Alignment and Packing - Algorithmica

# Alignment and Packing

The fact that the memory is partitioned into 64B cache lines makes it difficult to operate on data words that cross a cache line boundary. When you need to retrieve some primitive type, such as a 32-bit integer, you really want to have it located on a single cache line — both because retrieving two cache lines requires more memory bandwidth and stitching the results in hardware requires precious transistor space.

This aspect heavily influences algorithm designs and how compilers choose the memory layout of data structures.

### #Aligned Allocation

By default, when you allocate an array of some primitive type, you are guaranteed that the addresses of all elements are a multiple of their size, which ensures that they only span a single cache line. For example, you are guaranteed the address of the first and every other element of an int array is a multiple of 4 bytes (sizeof int).

Sometimes you need to ensure that this minimum alignment is higher. For example, many SIMD applications read and write data in blocks of 32 bytes, and it is crucial for performance that these 32 bytes belong to the same cache line. In such cases, you can use the alignas specifier when defining a static array variable:

alignas(32) float a[n];


To allocate a memory-aligned array dynamically, you can use std::aligned_alloc, which takes the alignment value and the size of an array in bytes and returns a pointer to the allocated memory — just like the new operator does:

void *a = std::aligned_alloc(32, 4 * n);


You can also align memory to sizes larger than the cache line. The only restriction is that the size parameter must be an integral multiple of alignment.
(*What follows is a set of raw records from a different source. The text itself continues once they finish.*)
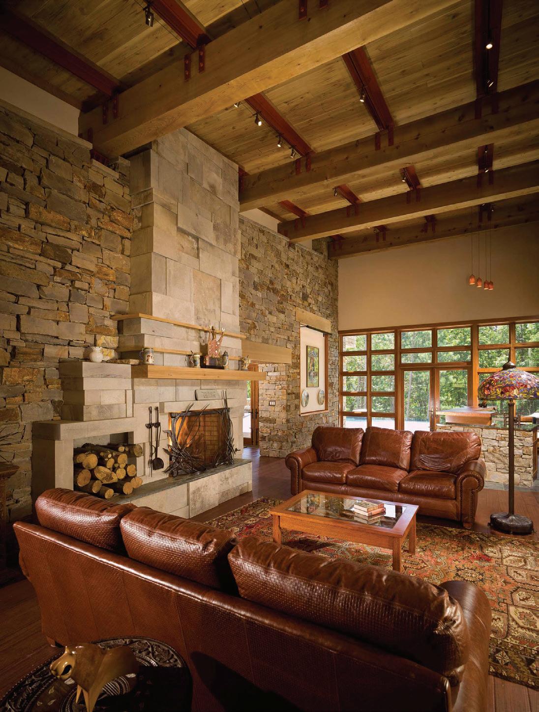 Due to the stunning site for this home, the plan organically follows the contours of the hillside to take advantage of southeast/west views. Local ledge rock, which has been collected and stacked to create massive walls, provides definitive spatial separations in a strong design statement. This is echoed in the massive finished stone fireplaces, Western Red Cedar beams, and roof deck.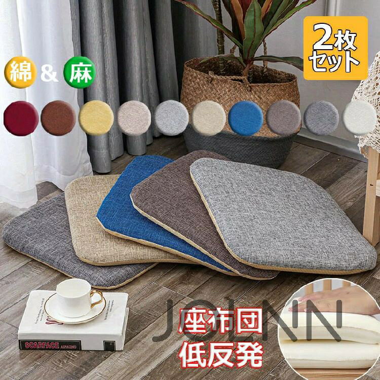 チェアパッド 座布団 低反発 綿麻 フロアクッション 洗えるカバー イスクッション 四角/円角 椅子用 滑り止め ダイニングチェア用 チェアクッション 畳用 スクエアクッション 40×40 45×45 50×50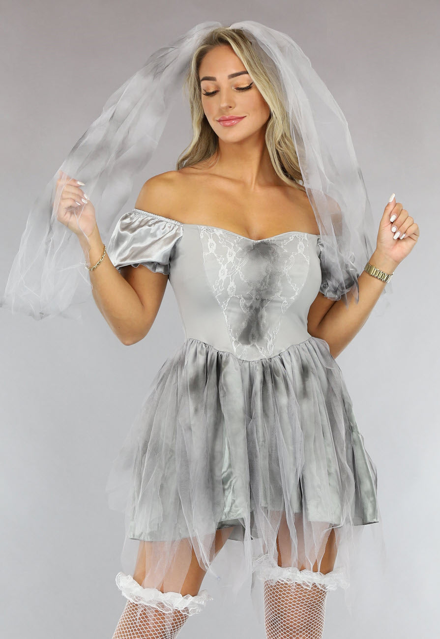 Grijze Zombie Bruid Kostuum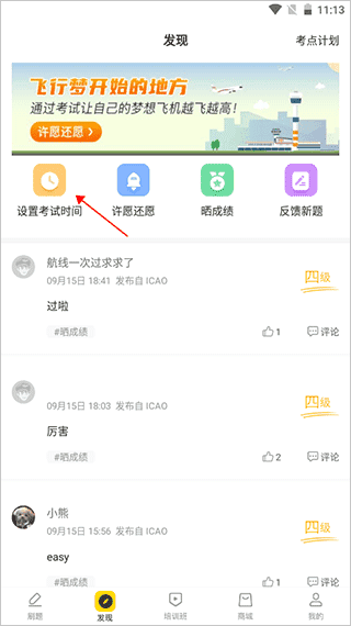 1、打开软件注册登录后,在“发现”界面点击“设置考试时间”;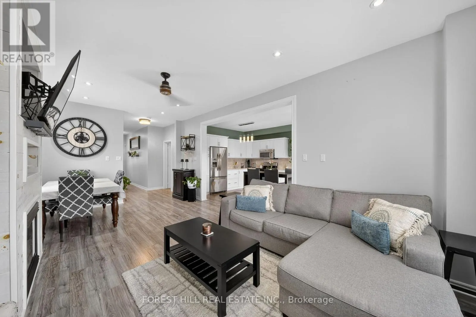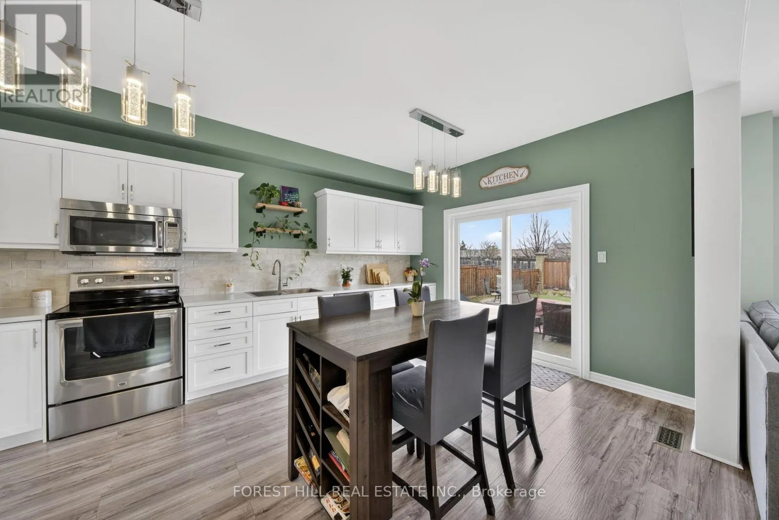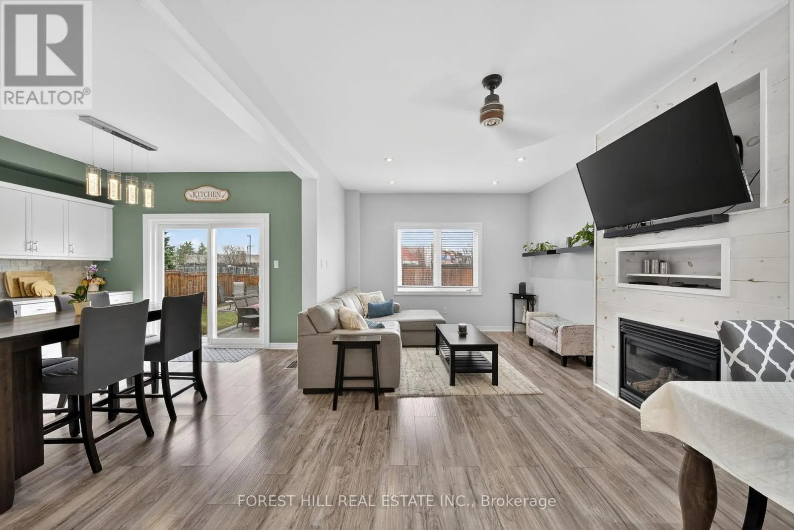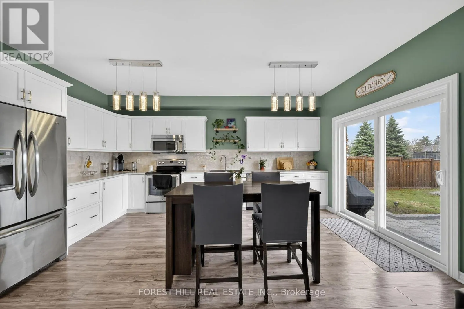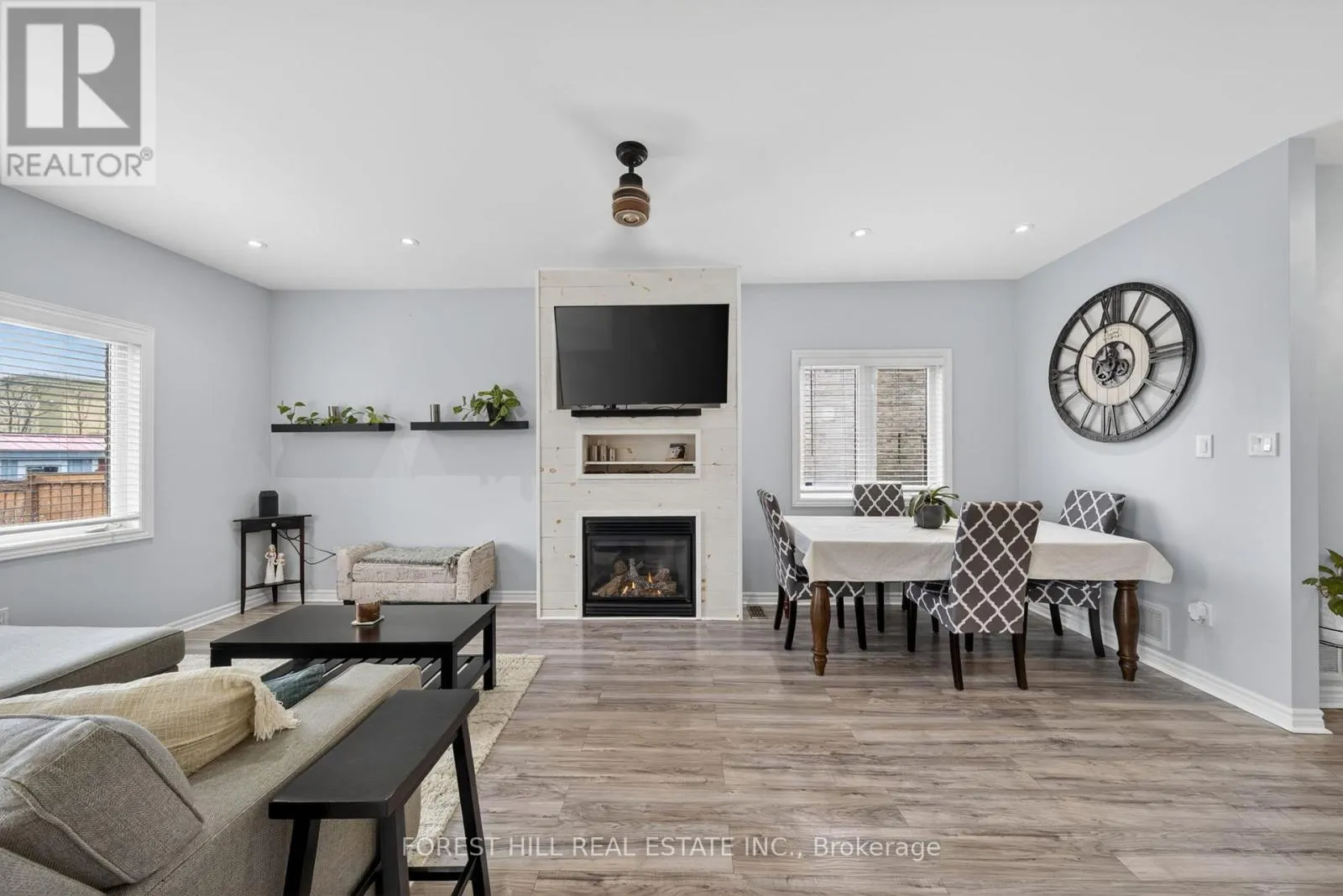 Arlington Drive and Woodbine Ave Welcoming front porch invites you to this charming detached home offering 4 bedrooms and 3 bathrooms in a bright, open layout ideal for family living and entertaining. The main floor features an eat-in kitchen that flows seamlessly into a combined living/dining area anchored by a cozy gas fireplace. Convenient main-level garage entry and a dedicated laundry room add everyday practicality. Step through the walk-out to a private, landscaped pie-shaped lot with a hot tub and custom fire pit-perfect for relaxing or hosting friends. Generous bedroom sizes and versatile living spaces provide room for a home office, playroom or guest suite. Large unfinished basement for your added value With 10'X 8'Cold Storage & Rough In For Washroom.Enjoy his family-friendly neighbourhood close to schools, parks, community centres and the lake, This home blends comfortable indoor living with outstanding outdoor amenities. (id:27476)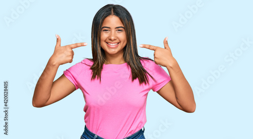 Young latin girl wearing casual clothes smiling cheerful showing and pointing with fingers teeth and mouth. dental health concept.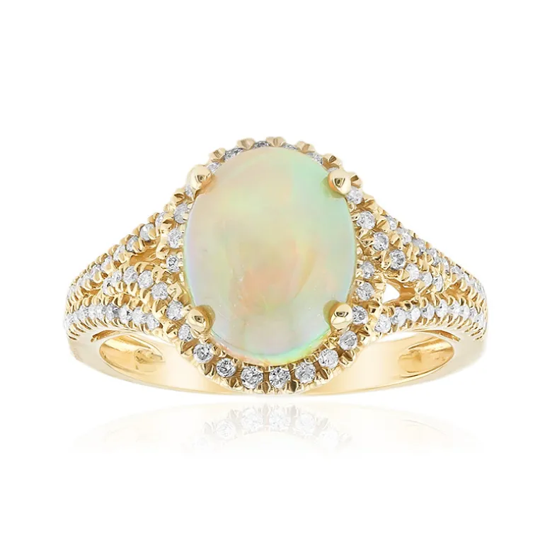 Erleben Sie die Faszination des AAA Welo Opal-Diamant-Goldrings, der sorgfältig aus 14 Karat Gelbgold gefertigt wurde. Sein Herzstück ist ein faszinierender ovaler Opal aus Äthiopien mit einem Cabochon von 1,82 Karat, umgeben von 0,288 Karat SI2-Diamanten im runden Brillantschliff. Dieses exquisite Schmuckstück eignet sich perfekt für elegante Abende und besondere Anlässe. Es ergänzt sowohl formelle als auch schicke Outfits mühelos und verleiht Ihrem Ensemble einen Hauch von Opulenz.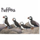 Puffins rust op de stenen. tekst lezen, ook "Puffins". De Atlantische Puffin (Fratercula arctica) voedt zich voornamelijk door in het water te duiken. Zij fokken zich in grote kolonies op kustkliffen of offshore-eilanden in de Noord-Atlantische Oceaan. Puffins gooien de kleurrijke buitenste delen van hun rekeningen af na het broedseizoen, waarbij een kleiner en duller snavel achterblijft. Hun korte vleugels zijn aangepast voor zwemmen met een vliegtechniek onder water. In de lucht sloegen ze hun vleugels snel (tot 400 keer per minuut) in een snelle vlucht, die vaak laag over het oppervlak van de oceaan vliegt.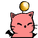 A cute Moogle from Final Fantasy dances happily with a yellow pom-pom on its head, radiating joy.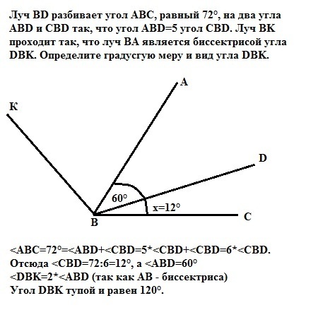 луч BD разбивает угол ABC, равный 72°, на два угла ABD и CBD так, что угол ABD=5 угол CBD. Луч BK проходит так, что луч BA является биссектрисой угла DBK. Определите градусгую меру и вид угла DBK.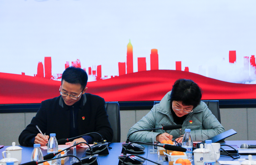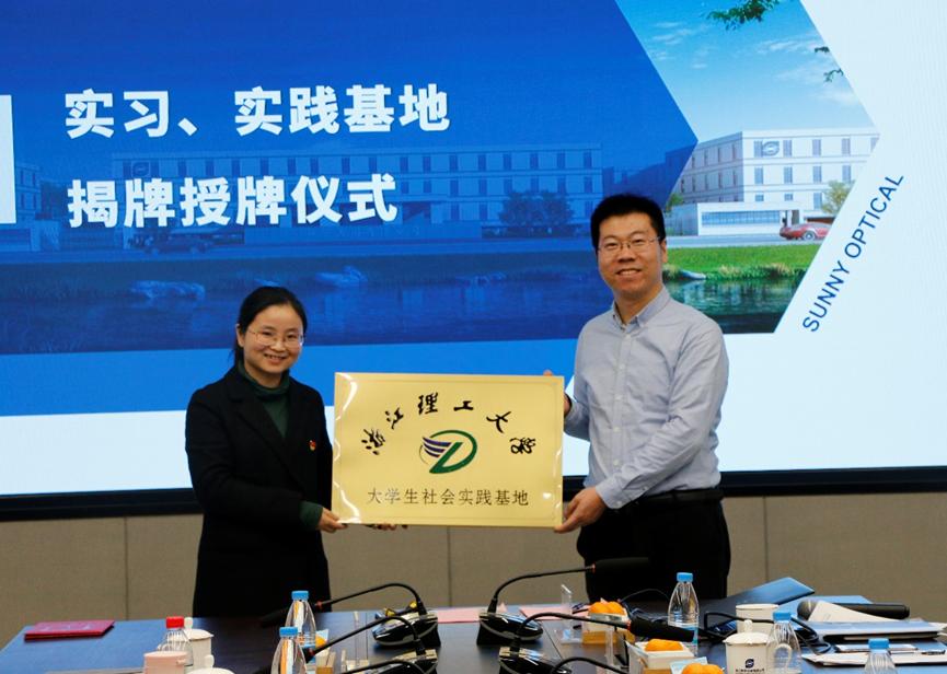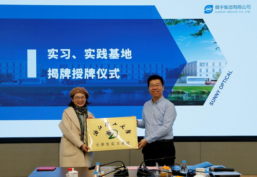 与舜宇光学科技(集团)有限公司在舜宇新基地B-1 一号会议室举行党建共同体签约揭牌暨党的十九届六中全会精神联学会议。

You can also use the alignas specifier when defining a struct:

struct alignas(64) Data {
// ...
};


Whenever an instance of Data is allocated, it will be at the beginning of a cache line. The downside is that the effective size of the structure will be rounded up to the nearest multiple of 64 bytes. This has to be done so that, e.g., when allocating an array of Data, not just the first element is properly aligned.

### #Structure Alignment

This issue becomes more complicated when we need to allocate a group of non-uniform elements, which is the case for structures. Instead of playing Tetris trying to rearrange the members of a struct so that each of them is within a single cache line — which isn’t always possible as the structure itself doesn’t have to be placed on the start of a cache line — most C/C++ compilers also rely on the mechanism of memory alignment.

Structure alignment similarly ensures that the address of all its member primitive types (char, int, float*, etc) are multiples of their size, which automatically guarantees that each of them only spans one cache line. It achieves that by:

• padding, if necessary, each structure member with a variable number of blank bytes to satisfy the alignment requirement of the next member;
• setting the alignment requirement of the structure itself to the maximum of the alignment requirements of its member types, so that when an array of the structure type is allocated or it is used as a member type in another structure, the alignment requirements of all its primitive types are satisfied.

For better understanding, consider the following toy example:

struct Data {
char a;
short b;
int c;
char d;
};


When stored succinctly, this structure needs a total of $1 + 2 + 4 + 1 = 8$ bytes per instance, but even assuming that the whole structure has the alignment of 4 bytes (its largest member, int), only a will be fine, while b, c and d are not size-aligned and potentially cross a cache line boundary.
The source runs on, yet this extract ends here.